1) "I fall into your arms" --> "Αφήνομαι στην αγκαλιά σου" --> where 'αφήνομαι' denotes the person being hugged and not the one who puts their arms around that person.
You can also use it in imperative form "Αφέσου στην αγκαλιά μου", which I use more in every day speech (i.e. when I want to be romanticly cheesy to a girl )
2) "Αφήνομαι στα χέρια σου" --> "I trust you completely (that you will do/take care of sth for me etc)". A second translation could also be used, guardely, "I'm in your hands" which probably sounds more "You are responsible for me now". I would probably avoid the latter.
3) And of course, when someone is released from custody. "Αφέθηκε ελεύθερος" --> "He/She was released".

Υ.Γ. Also, spelling alert. 'Ελληνικής' not 'Ελλινικής'.


----------



## Helleno File

Ah... Sorry I'm slow replying. I've looked at this some more and owe you an apology. You are right: certainly in most legal online references I have found in the US recognizance is _without_ money, although general dictionaries give both possibilities e.g. The Free Dictionary:

1. An obligation, entered into before a judge or magistrate, to perform a particular action, such as appearing in court, without the posting of a bond: released on his own recognizance.
2. A sum of money pledged to assure the performance of such an action.

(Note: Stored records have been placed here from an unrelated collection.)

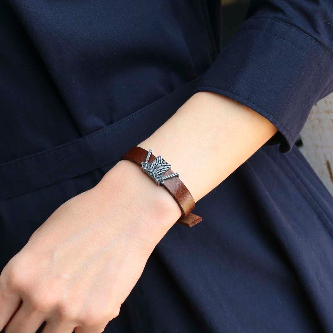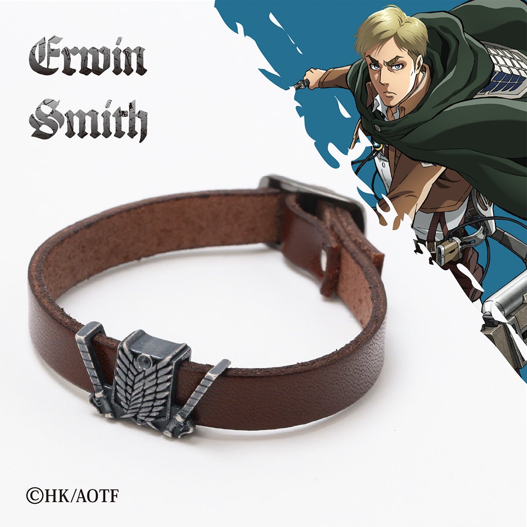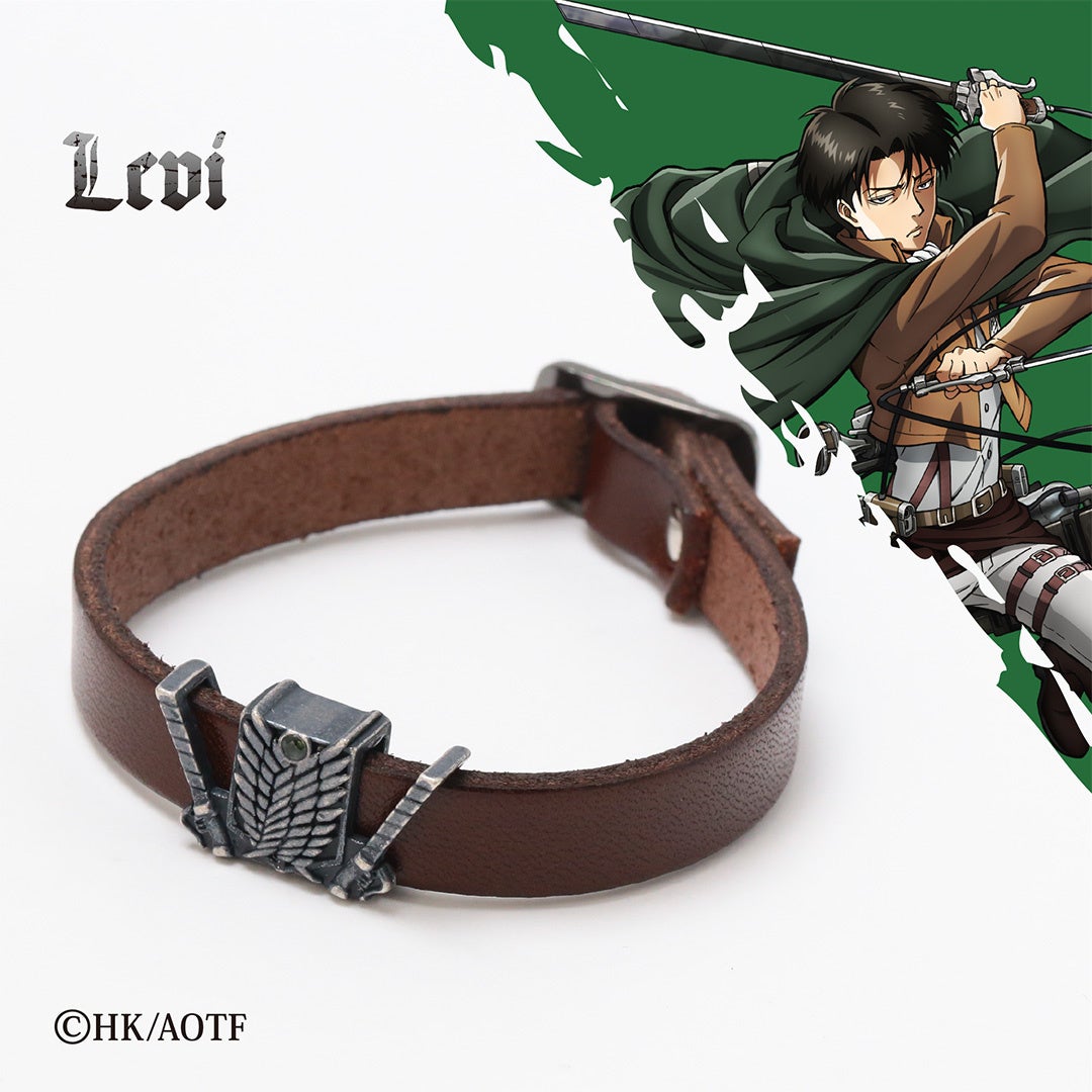エレン、ミカサ、アルミン、リヴァイ、エルヴィン、ハンジをイメージした重厚感ある本格レザーブレスレット。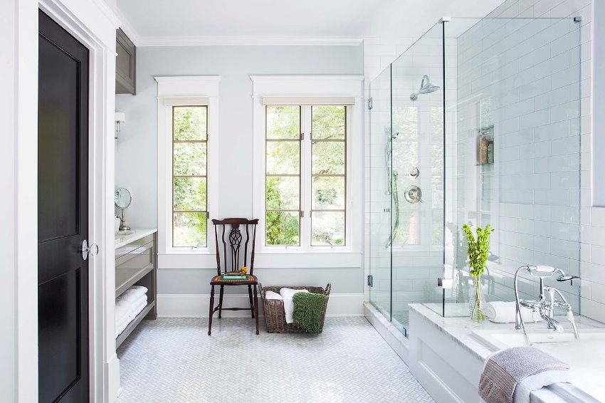 Pintu ke tandas dan tab mandi: foto, pilihan reka bentuk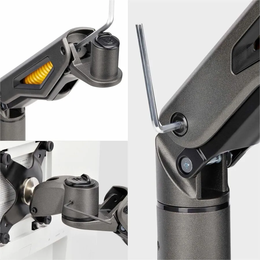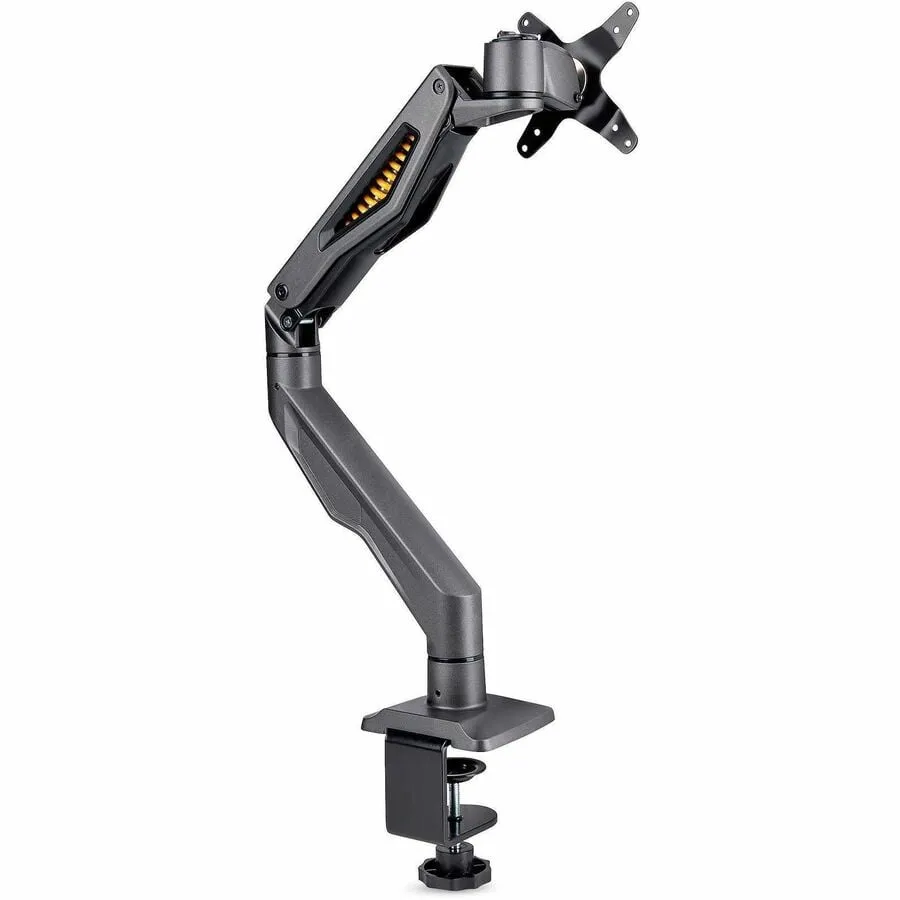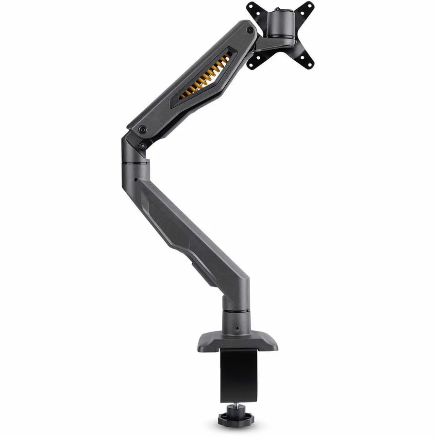 Monitor desk mount for up to 32-inch display; VESA 75x75/100x100; Total 22lb/10kg - Mechanical spring-assisted articulating arm; Premium monitor arm ships pre-assembled - Slide-and-attach C-clamp design; Max desk thickness 2.3-inches (6cm) - Toolless ergonomic VESA mount w/ +/-15 swivel, +65/-15 tilt, 360 screen rotation for portrait/landscape - Max arm extension 22.6in (57.4cm); Height range 7.9-20.8in (20.2-52.9cm) - Computer monitor mount w/ cable management underneath arms.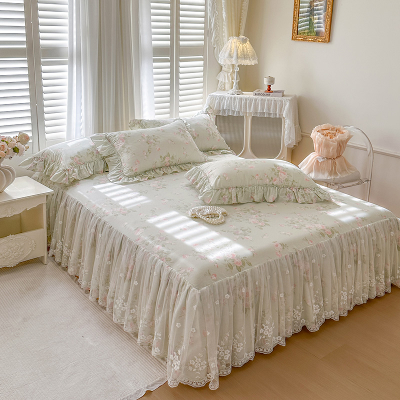 (总)瑞宝 2025新款全棉花边床裙三件套系列-落日甜茶,落日甜茶-梦幻玉,落日甜茶-奶油白,落日甜茶-青柠绿,落日甜茶-甜紫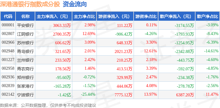 资金流向方面,深港通银行(983081)指数成份股当日主力资金净流出合计7319.2万元,游资资金净流入合计1.1亿元,散户资金净流出合计3728.1万元。成份股资金流向详情见下表: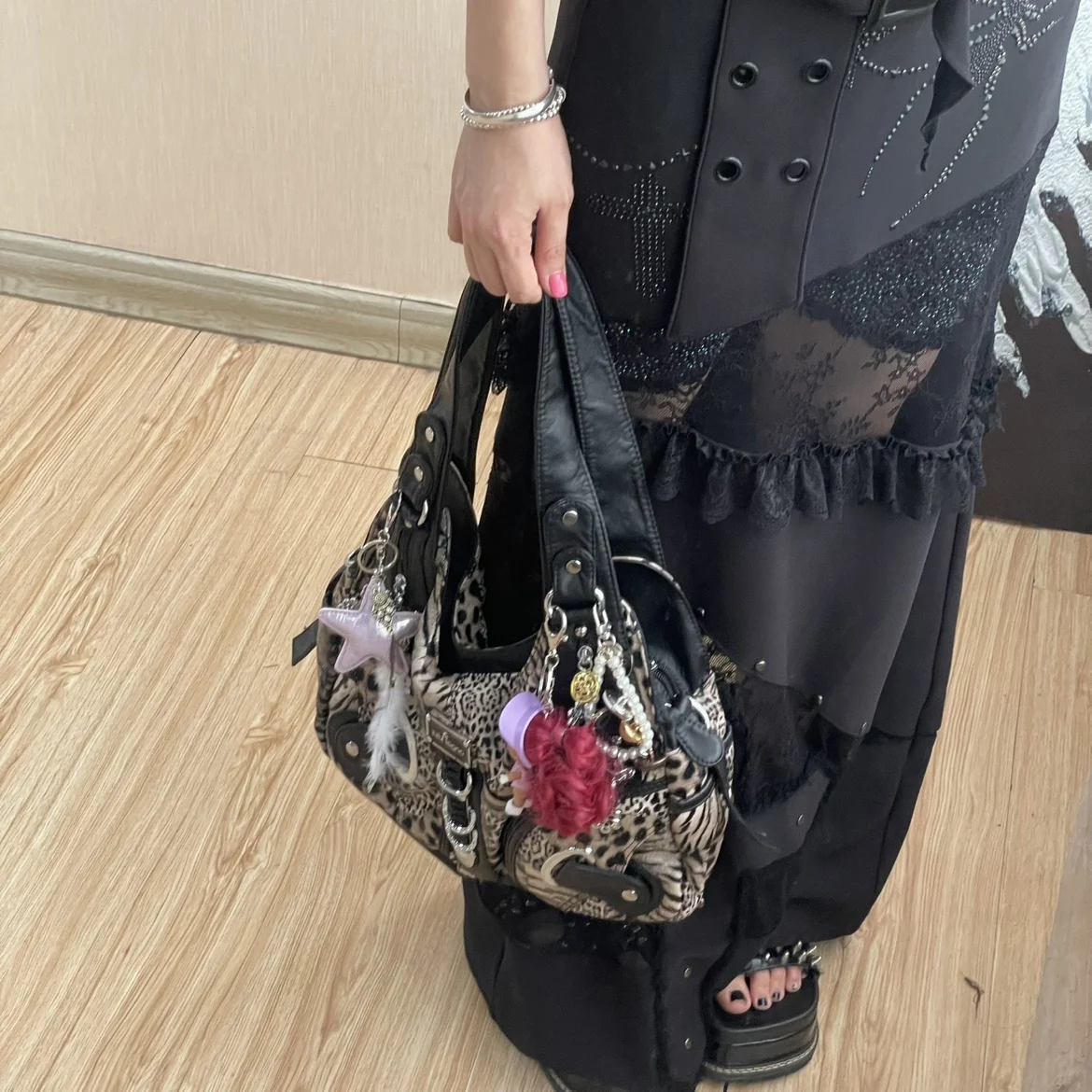 Embrace the retro charm with this Y2K-inspired leopard print tote, perfect for those who love vintage fashion.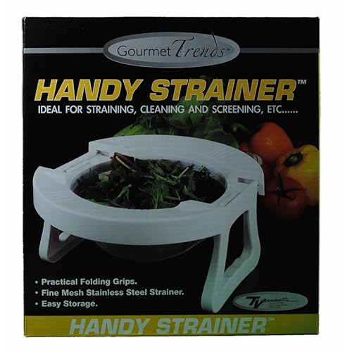 - Top quality fine mesh makes this strainer set as ideal for skimming light stock & fruit pulp as it is for draining super heavy loads of pasta and other weighty food materials.- Strong 15 lb stainless steel construction combined with an attractive stylish look makes these fine mesh strainers perfect for both professional kitchen performance and optimal kitchen appearance.- Convenient hanging holes on each of the fine mesh strainers make for quick and easy storage / access, on home and commercial kitchen storage racks.- Long handles on these worry-free stainless steel fine mesh strainers leave you assured that these strainers are as safe in a dishwasher as they are over a burning stove. - Enjoy hands-free straining using the broad, mirrored brims that comfortably sit on top of pots and other similar broth and fluid catching objects.the Handy Strainer, Ideal for Straining, Cleaning and Screening Versatile and engineered for superior drainage, this product offers everything you need from a space saver kitchen strainer: wash or rinse fruits, vegetables, berries, herbs, meats and more. Drain pasta, rice or canned foods. 6-quart capacity makes large cooking jobs go faster. Optimal performance characteristics tested and certified. Handy Strainer, Ideal for Straining, Cleaning and Screening is best for youMeasures approx 8 3/4' x 9 1/4' Ideal for straining & cleaning & screening Features practical folding grips Adjustable hinged handles for many uses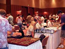 会場全体のイメージを見てもらおうと、ハードロックホテルのニュースレターから画像を借りてきました。 ちなみにドレとは言いませんが、私も思いっきり写っています(笑)。 この写真はキングピン(主催者)のテーブルから撮影されたもので、左の壁側中央にあるヘリントン(ぬいぐるみ)のブースでは古い熊や発売前のビーニーなどが展示されていて、これには写っていませんが右の手前にあったGCIのテーブルには非売品のピンがたくさん並べられていました。 写真では奥行きがよくわからないのがとても残念ですが、実際の会場は皆さんの想像よりもはるかに広いのですよ。 遠くにF大先生がレアピンを物色してるのが見えますか? ガールピンのトレードにチャレンジするみっきー、英語に頼らずボディランゲージでピンをGETしていくリサ、初参加のナツ&アサ夫婦もどこかに写っているのでしょう。 ギャン娘。はいないかも、昼間っからスロットで遊んでたからね (何しに来たんだ)。

I am now less sure about the UK position. Thanks for the very thorough review of αφήνομαι which I hadn't seen before.


----------



## dmtrs

Παρακολουθώ τη συζήτηση με ενδιαφέρον, αν και θεωρούσα πως δεν είχα κάτι να συνεισφέρω. Όπως εξέλίσσεται όμως ίσως και να έχω μια χρήσιμη σκέψη: 
Μπορεί κάποιος να κυνηγήσει την ακρίβεια στην απόδοση ενός νοήματος, όπως έχει γίνει ως εδώ. Όταν όμως δεν είναι εξασφαλισμένη, μήπως η αποφυγή της ανακρίβειας (έστω και με χρήση πιο γενικόλογης διατύπωσης) είναι προτιμότερη; Μήπως το "αφέθηκε ελεύθερος υπό όρους" θα έσωζε την παρτίδα; 
Μια σκέψη απλώς...


----------



## Dimitris29

@Helleno File
So, it could be both, depending on the agreed terms.
Good to know.

@dmtrs
I think "...υπό όρους" sounds perfect for my case. Although, it does sound like "on probation", doesn't it?
I had it in mind initially, however, I just needed to find a synonym for 'recognizance'.
Anyway, "...υπό όρους" and "με προσωπική εγγύηση" both sound suitable for the situation, but indeed, "...υπό όρους" is a more general and well-known/heard term to the greek audience and definitely better understood.


----------